Gimeno was an epic master of insignificant, ordinary, popular, suburban things—in this sense he is close to the young artists of the Colla del Safrá group—and from these themes, disdained by many, he was able to extract an unexpected plasticity.
Plaça del Rei was painted during one of his most creative periods. In it he depicts this square in Barcelona from the vantage point of the old stairs leading up to the Palau Reial Major or Grand Royal Palace, beside the Chapel of Santa Ágata, begun by James II in the first quarter of the 14th century and completed at a later date.

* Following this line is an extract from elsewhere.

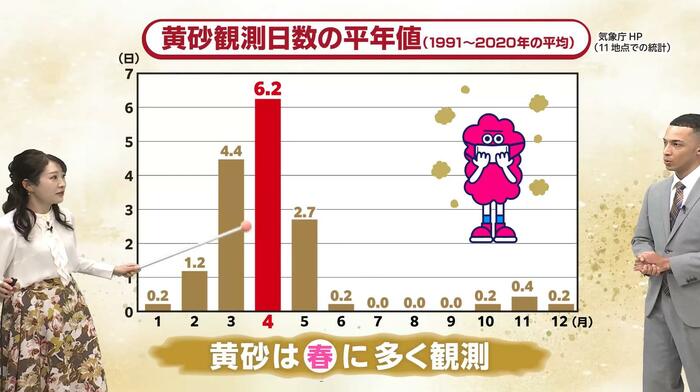 黄砂が観測された日数の平年値(1991年~2020年の平均)を示したグラフを確認すると、黄砂の観測は3月、4月、5月に集中しており、まさに「春の風物詩」であることがわかります。秋に観測されることは比較的珍しいため、「季節はずれの使者」という表現となりました。

On the right we see the Gothic Revival fountain erected by the master builder Josep Mas Vila in 1853 and demolished in 1935. This was a recurring theme in Gimeno's oeuvre.

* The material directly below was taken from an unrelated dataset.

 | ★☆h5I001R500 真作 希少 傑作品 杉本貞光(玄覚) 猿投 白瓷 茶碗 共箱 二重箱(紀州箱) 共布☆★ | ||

Carrer de la Noguera Seen from Carrer de Balmes is Gimeno's final work according to a document attached to the back of the painting, signed by the artist's grandson Francisco Sans Gimeno and dated June 1968, and yet it has all of the painter's customary vigour and freshness. It shows the street in the former town of Sant Gervasi de Cassoles where he lived and died, today named in his honour (Carrer del Pintor Gimeno). [Francesc Fontbona]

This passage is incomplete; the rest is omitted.